老人从长凳上站起来,走到饮水池旁,一只手背在身后,另一只手拧开水龙头,弯下身去喝水。然后他挺直身体,用手背轻轻地擦擦嘴,两手都背在后面,开始在候车室里闲逛,就像是散步一样。

登特小姐能看出他一直在仔细观察着地面、空椅子,还有烟灰缸。她明白老人是在找火柴,便为自己没带火柴感到歉意。

那个妇人扭过头,目光跟着老人移动。她提高声音冲老人说:“北极也有肯德基炸鸡!桑德斯上校穿皮大衣长统靴!全毁了!毁到头了!”

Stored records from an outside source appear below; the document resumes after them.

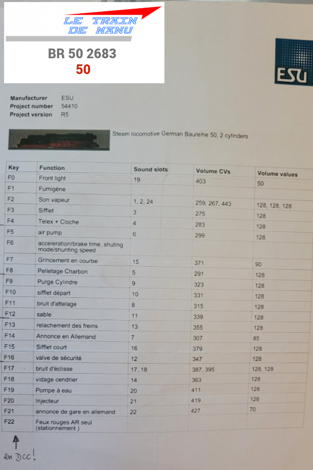 - Décodeur ESU DCC et générateur de bruits dans le tender.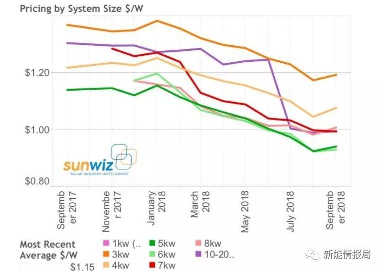 Sunwiz的數(shù)據(jù)顯示,9月以來各類型的光伏系統(tǒng)價(jià)格均略有上漲。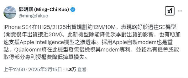 知名分析师郭明錤最新发文称,预计iPhone SE 4今年出货近2000万台,成为史上最强的SE系列机型。

老人没有回答,继续自己在屋子里的逡巡,然后,在窗前停下,背着手,站在那里,望着外面空荡荡的停车场。

妇人转过身,冲着登特小姐。她拽了拽自己腋窝下面的连衣裙,说:“下回,我要是想看有关阿拉斯加巴若角,或是那里的土著爱斯基摩人的家庭录像的话,我就问他们要去。我的上帝啊,那可是无价之宝!有些人真是什么都干得出来。有些人就是想用无聊把他们的敌人烦死。你得身临其境,才能明白我的意思。”她炽热地盯着登特小姐,像是在挑衅,看她敢不敢反驳自己。

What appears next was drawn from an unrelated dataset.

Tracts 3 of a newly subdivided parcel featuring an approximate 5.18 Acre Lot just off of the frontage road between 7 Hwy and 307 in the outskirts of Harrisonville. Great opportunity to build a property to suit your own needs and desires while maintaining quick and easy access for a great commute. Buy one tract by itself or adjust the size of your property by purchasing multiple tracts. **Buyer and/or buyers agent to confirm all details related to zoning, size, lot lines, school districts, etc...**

登特小姐拿起手包,放在腿上。她看着挂钟,表针即使还在转动,也慢得快要停下来似的。

“你不怎么说话啊,”那个妇人对登特小姐说,“我敢打赌,要是有人给你起个话头儿,你肯定能说个没完没了的,是不是?但你是个‘害羞的擦鞋匠’,任由别人把脑袋说掉了,你也只是安静地坐在那儿,合着你洁净的小嘴。我说得对不对?闷葫芦,你是不是就叫这名字呀?别人到底怎么称呼你啊?”

“叫我登特小姐。不过,我不认识你。”登特小姐回答。

“我也根本不认识你呀!”妇人说,“不认识你,也没兴趣认识你。就坐那待着吧,想你那点儿心事。不管你怎么想,也不会改变什么了。但我知道我在想什么,我觉得那件事很恶心。”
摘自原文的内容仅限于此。